What are our goals for the API?

  1. No generics in PluginConfig struct.
  2. Overall list of available plugins is unknown. We can't create an enum listing them all.
  3. We should be able to construct a Vec<PluginConfig>.
  4. PluginConfig should implement Debug, PartialEq, Clone
  5. PluginConfig should be Send + Sync + 'static
  6. Unknown trait should implementable without requiring plugin authors to write any extra methods. Adding dependencies to other traits, for example: Unknown: Debug + ..., or having default methods implemented is fine.
use custom_data::{CustomData, Unknown};

#[derive(Debug, Clone)]
struct PluginConfig {
    name: String,
    custom_options: CustomData,
}

impl PluginConfig {
    fn new<T: Unknown>(name: &str, custom_options: T) -> PluginConfig {
        PluginConfig {
            name: name.to_string(),
            custom_options: CustomData::new(custom_options),
        }
    }
}

// Plugin authors provide us these types
#[derive(Debug, PartialEq, Clone)]
struct RustAnalyzerOptions {
    lsp_path: String,
}
impl Unknown for RustAnalyzerOptions {}

#[derive(Debug, PartialEq, Clone)]
struct SpellCheckerOptions {
    oxford_spelling: bool,
    check_capitalized_words: bool,
}
impl Unknown for SpellCheckerOptions {}

fn main() {
    let spell_checker = PluginConfig::new(
        "SpellCheck",
        SpellCheckerOptions {
            oxford_spelling: true,
            check_capitalized_words: false,
        },
    );
    let rust_analyzer = PluginConfig::new(
        "Rust Analyzer",
        RustAnalyzerOptions {
            lsp_path: "/usr/local/bin/rust_analyzer".to_string(),
        },
    );

    // Requirement tests.
    // Tip: uncomment them one by one as you work on a solution

    // 1. Configs can be cloned and Debug-printed
    // let plugins = vec![spell_checker.clone(), rust_analyzer.clone()];
    // println!("{:#?}", plugins);

    // 2. There should be a way to downcast from `CustomData` to a specific
    //    type for read-only access
    // if let Ok(ra_options) = rust_analyzer
    //     .custom_options
    //     .downcast::<RustAnalyzerOptions>()
    // {
    //     println!("R-A Path: {}", ra_options.lsp_path);
    // }

    // 3. Configs implement `PartialEq`
    // Generally, this is the hardest part
    // assert_eq!(spell_checker, spell_checker);
    // assert_ne!(spell_checker, rust_analyzer);

    // 4. Finally, we should be able to move configs between threads
    // std::thread::scope(|s| {
    //     s.spawn(|| {
    //         let plugins = vec![spell_checker, rust_analyzer];
    //         println!("{:#?}", plugins);
    //     });
    // });
}

mod custom_data {
    // You would be working in this module.
    // Generally, you won't need to change anything in code above this line,
    // apart from sprinkling some derives
    // Here, however, no code is sacred. Go to town!

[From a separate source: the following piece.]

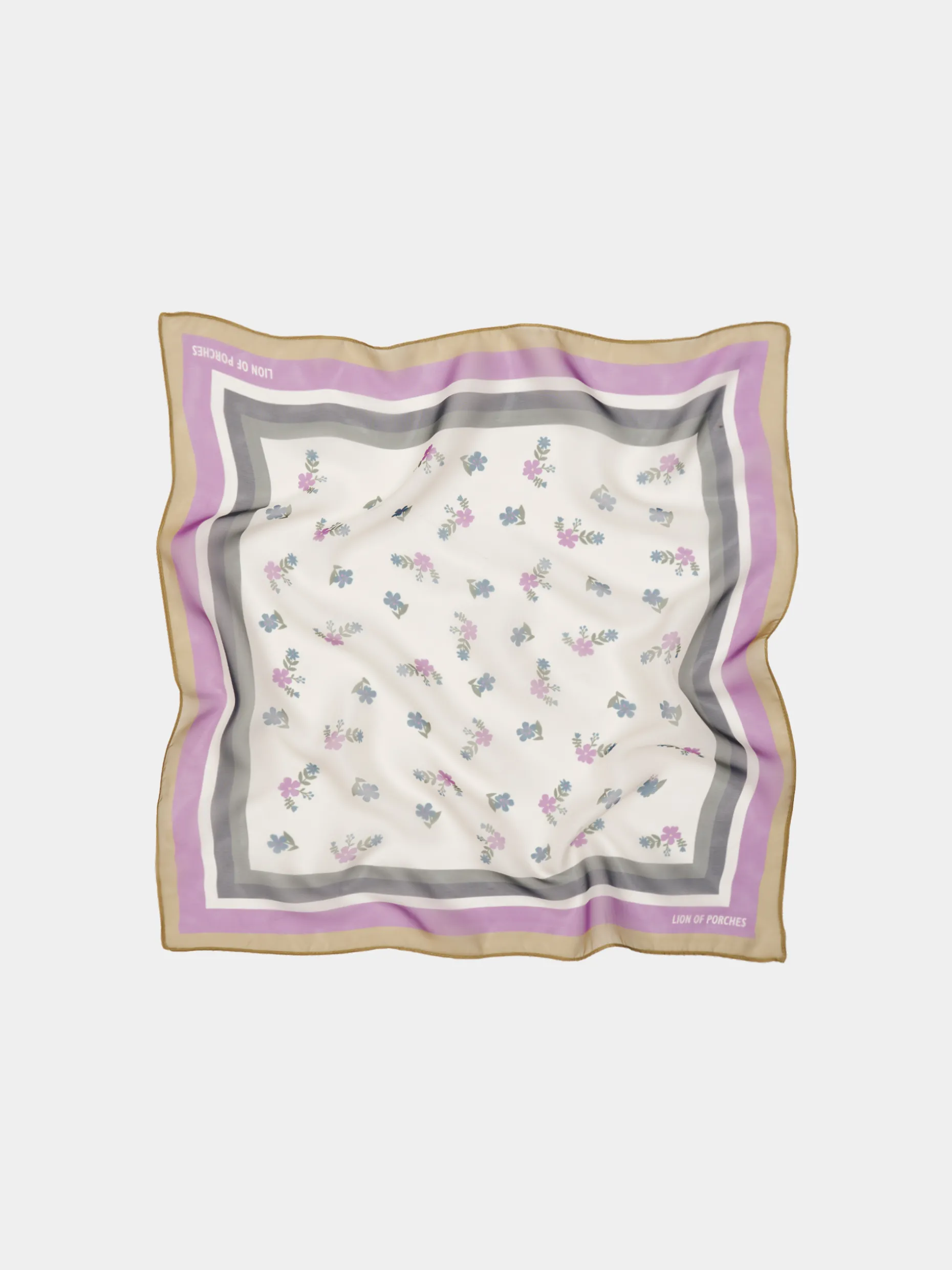 Lenço colorido, semitransparente, de formato quadrado. Com padrão de flores no interior e riscas a toda a volta. Finaliza com logotipo Lion of Porches nas pontas em contraste de cor.

    pub struct DowncastingError {}

    #[derive(Debug, Clone)]
    pub struct CustomData {
        // This should store an `Unknown`
    }

    impl CustomData {
        pub fn new<T: Unknown>(data: T) -> Self {
            CustomData {}
        }

        pub fn downcast<T: Unknown>(&self) -> Result<&T, DowncastingError> {
            todo!()
        }
    }

    pub trait Unknown {}

    // The word "downcast" above is a hint. The solution involves
    // - `std::any::Any`
    // - trait objects (dyn Trait)
    // - blanket implementations
    // - careful generic programming
    // - be mindful of intentional *and* unintentional `Deref` conversions!
    //
    // The solution I've come up with:
    // - doesn't have any `unsafe` code
    // - doesn't use any third-party crates
    // - doesn't use macros
    //
    // You solution can be entirely different!